Title :
Elephant, Do Not Forget Everything! Efficient Processing of Growing Datasets
Author :
Schad, Jorg ; Quianee-Ruiz, Jorge-Arnulfo ; Dittrich, J.
Author_Institution :
Inf. Syst. Group, Saarland Univ., Saarbrϋcken, Germany
fDate :
June 28 2013-July 3 2013
Abstract :
MapReduce has become quite popular to analyse very large datasets. Nevertheless, users typically have to run their MapReduce jobs over the whole dataset every time the dataset is appended by new records. Some researchers have proposed to reuse the intermediate data produced by previous MapReduce jobs. However, existing works still have to read the whole dataset in order to identify which parts of the dataset changed. Furthermore, storing intermediate results is not suitable in some cases, because it can lead to a very high storage overhead. In this paper, we propose Itchy, a MapReduce-based system that employes a set of different techniques to efficiently deal with growing datasets. Itchy uses an optimizer to automatically choose the right technique to process a MapReduce job. The beauty of Itchy is that it does not have to read the whole dataset again to deal with new records.

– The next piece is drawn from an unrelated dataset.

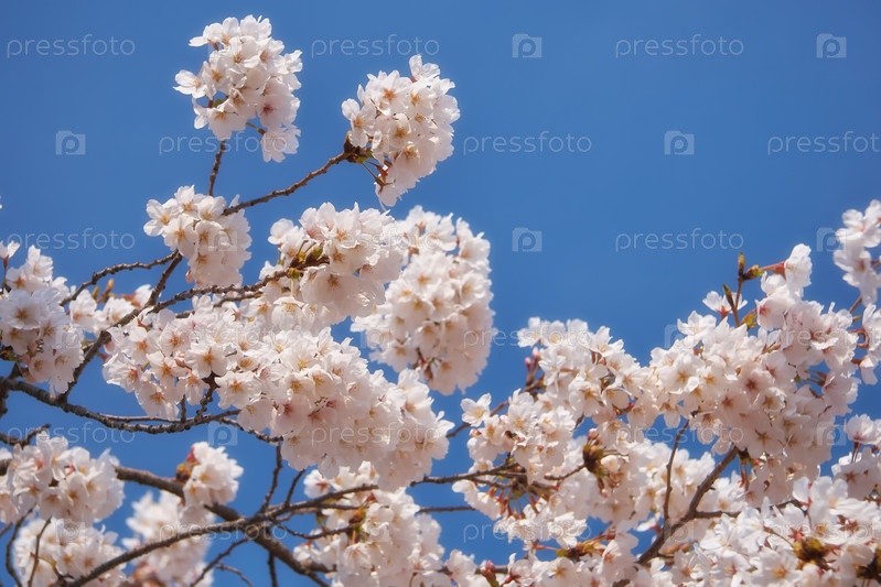 Белые вишневые цветы сакуры на фоне голубого неба. Япония

In more detail, Itchy keeps track of the provenance of intermediate results in order to selectively recompute intermediate results as required. But, if intermediate results are small or the computational cost of map functions is high, Itchy can automatically start storing intermediate results rather than the provenance information. Additionally, Itchy also supports the option of directly merging outputs from several jobs in cases where MapReduce jobs allow for such kind of processing. We evaluate Itchy using two different benchmarks and compare it with Hadoop and Incoop. The results show the superiority of Itchy over both baseline systems for processing incremental jobs. In terms of job runtime, Itchy is more than one order of magnitude faster than Hadoop (up to ~41 times faster) and Incoop (up to ~11 times faster).
Keywords :
data analysis; merging; parallel processing; Hadoop; Incoop; Itchy; MapReduce job; MapReduce-based system; computational cost; incremental job processing; job runtime; large scale data processing; map functions; merging; optimizer; provenance information; very large datasets; Google; Indexes; Maintenance engineering; Merging; Runtime; Standards; Big Data; HDFS; Hadoop; Incremental; MapReduce;
Conference_Titel :
Cloud Computing (CLOUD), 2013 IEEE Sixth International Conference on
Conference_Location :
Santa Clara, CA
Print_ISBN :
978-0-7695-5028-2
DOI :
10.1109/CLOUD.2013.67